WORK TO BE COMPLETED
Of the material below, only the lines from the line containing "Beautiful Alien Lady" down to the line containing "Helen R. Graham, M.M." belong in the answer, written out exactly.

SUPPLIED MATERIAL
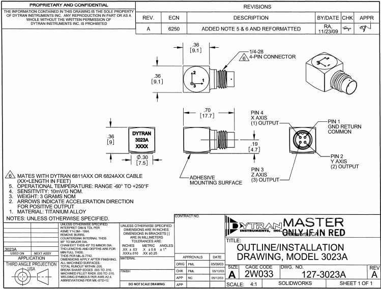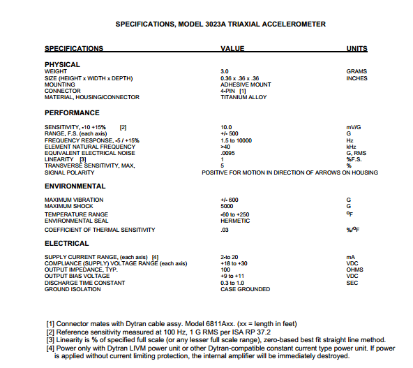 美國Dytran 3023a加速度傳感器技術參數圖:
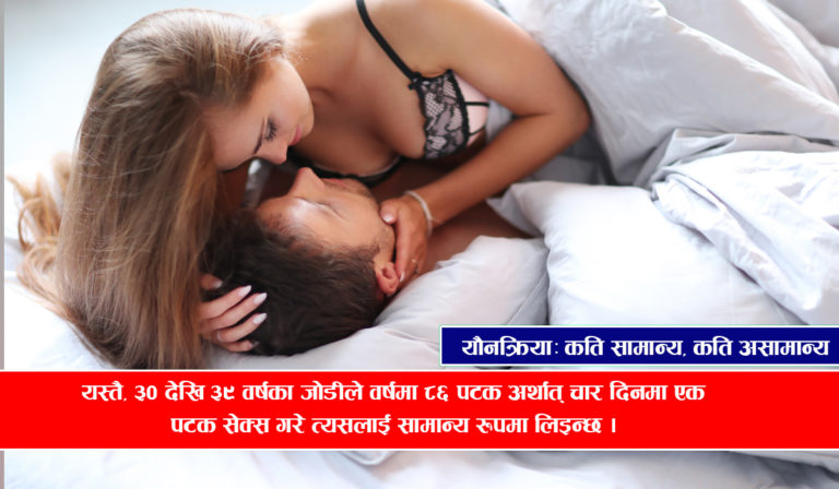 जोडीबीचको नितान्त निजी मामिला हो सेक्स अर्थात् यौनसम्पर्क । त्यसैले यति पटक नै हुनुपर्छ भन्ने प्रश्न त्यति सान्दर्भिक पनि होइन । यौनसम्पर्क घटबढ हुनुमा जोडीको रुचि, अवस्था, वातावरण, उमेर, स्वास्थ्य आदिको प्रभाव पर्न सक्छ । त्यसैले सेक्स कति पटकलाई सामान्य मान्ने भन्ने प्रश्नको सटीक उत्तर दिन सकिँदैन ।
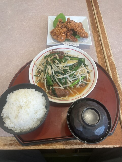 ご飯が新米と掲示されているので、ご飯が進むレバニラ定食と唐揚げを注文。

==

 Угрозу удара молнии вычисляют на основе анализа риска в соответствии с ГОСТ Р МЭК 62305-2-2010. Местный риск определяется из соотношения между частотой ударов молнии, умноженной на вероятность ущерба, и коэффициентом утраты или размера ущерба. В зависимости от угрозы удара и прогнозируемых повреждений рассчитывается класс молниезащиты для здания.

* * *

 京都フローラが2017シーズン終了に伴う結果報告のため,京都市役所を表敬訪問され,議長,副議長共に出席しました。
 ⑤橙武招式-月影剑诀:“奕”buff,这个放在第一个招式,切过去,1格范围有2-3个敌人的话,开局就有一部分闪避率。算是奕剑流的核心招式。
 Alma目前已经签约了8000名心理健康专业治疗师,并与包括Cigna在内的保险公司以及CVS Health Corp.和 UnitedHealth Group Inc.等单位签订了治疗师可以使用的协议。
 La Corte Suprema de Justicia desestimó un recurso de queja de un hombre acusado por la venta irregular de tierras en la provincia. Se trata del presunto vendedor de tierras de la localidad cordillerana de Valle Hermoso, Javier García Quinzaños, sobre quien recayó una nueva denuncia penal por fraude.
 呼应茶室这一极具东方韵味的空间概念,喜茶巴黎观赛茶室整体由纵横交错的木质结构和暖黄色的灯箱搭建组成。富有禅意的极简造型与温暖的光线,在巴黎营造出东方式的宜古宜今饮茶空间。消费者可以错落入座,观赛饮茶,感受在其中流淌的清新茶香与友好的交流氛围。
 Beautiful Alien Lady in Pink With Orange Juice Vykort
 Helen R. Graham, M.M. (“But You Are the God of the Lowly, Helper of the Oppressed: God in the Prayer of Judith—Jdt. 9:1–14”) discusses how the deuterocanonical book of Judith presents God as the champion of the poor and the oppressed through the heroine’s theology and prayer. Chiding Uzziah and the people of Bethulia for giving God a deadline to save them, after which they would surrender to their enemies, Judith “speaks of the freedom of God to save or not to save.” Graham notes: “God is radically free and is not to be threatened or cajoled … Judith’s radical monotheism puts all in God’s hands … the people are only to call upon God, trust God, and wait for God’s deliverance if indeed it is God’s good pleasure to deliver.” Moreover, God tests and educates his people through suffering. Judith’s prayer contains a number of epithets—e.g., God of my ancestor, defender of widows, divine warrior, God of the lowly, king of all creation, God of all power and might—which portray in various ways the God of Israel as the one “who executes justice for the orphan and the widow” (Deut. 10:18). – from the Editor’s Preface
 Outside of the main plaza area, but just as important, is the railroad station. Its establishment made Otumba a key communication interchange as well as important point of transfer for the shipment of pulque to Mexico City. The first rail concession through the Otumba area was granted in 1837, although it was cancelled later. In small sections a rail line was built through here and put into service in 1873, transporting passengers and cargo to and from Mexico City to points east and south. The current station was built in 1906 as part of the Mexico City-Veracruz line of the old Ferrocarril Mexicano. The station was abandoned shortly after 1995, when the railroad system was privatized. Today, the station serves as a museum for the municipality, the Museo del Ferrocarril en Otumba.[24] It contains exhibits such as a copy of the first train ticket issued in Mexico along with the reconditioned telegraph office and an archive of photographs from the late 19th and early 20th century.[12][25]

TASK ANSWER
 Beautiful Alien Lady in Pink With Orange Juice Vykort
 Helen R. Graham, M.M. (“But You Are the God of the Lowly, Helper of the Oppressed: God in the Prayer of Judith—Jdt. 9:1–14”) discusses how the deuterocanonical book of Judith presents God as the champion of the poor and the oppressed through the heroine’s theology and prayer. Chiding Uzziah and the people of Bethulia for giving God a deadline to save them, after which they would surrender to their enemies, Judith “speaks of the freedom of God to save or not to save.” Graham notes: “God is radically free and is not to be threatened or cajoled … Judith’s radical monotheism puts all in God’s hands … the people are only to call upon God, trust God, and wait for God’s deliverance if indeed it is God’s good pleasure to deliver.” Moreover, God tests and educates his people through suffering. Judith’s prayer contains a number of epithets—e.g., God of my ancestor, defender of widows, divine warrior, God of the lowly, king of all creation, God of all power and might—which portray in various ways the God of Israel as the one “who executes justice for the orphan and the widow” (Deut. 10:18). – from the Editor’s Preface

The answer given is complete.